Records to use

========

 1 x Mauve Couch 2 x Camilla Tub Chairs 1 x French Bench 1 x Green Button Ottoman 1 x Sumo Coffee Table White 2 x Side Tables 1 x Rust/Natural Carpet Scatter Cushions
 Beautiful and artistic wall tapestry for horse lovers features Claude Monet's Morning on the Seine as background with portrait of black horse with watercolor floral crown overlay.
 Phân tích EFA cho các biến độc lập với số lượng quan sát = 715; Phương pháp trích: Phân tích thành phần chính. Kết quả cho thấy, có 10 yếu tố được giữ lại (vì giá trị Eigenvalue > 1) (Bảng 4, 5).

========

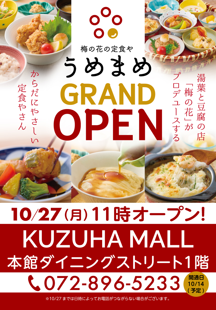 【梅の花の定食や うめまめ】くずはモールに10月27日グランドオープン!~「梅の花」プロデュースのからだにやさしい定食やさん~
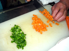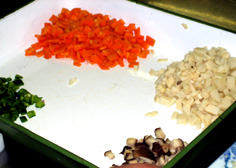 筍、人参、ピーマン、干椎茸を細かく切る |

========

What you are asked to do
From the material above, retype precisely the lines between the line holding "Beautiful and artistic" and the line holding "Phân tích EFA", inclusive, and nothing beyond them.

Response below
 Beautiful and artistic wall tapestry for horse lovers features Claude Monet's Morning on the Seine as background with portrait of black horse with watercolor floral crown overlay.
 Phân tích EFA cho các biến độc lập với số lượng quan sát = 715; Phương pháp trích: Phân tích thành phần chính. Kết quả cho thấy, có 10 yếu tố được giữ lại (vì giá trị Eigenvalue > 1) (Bảng 4, 5).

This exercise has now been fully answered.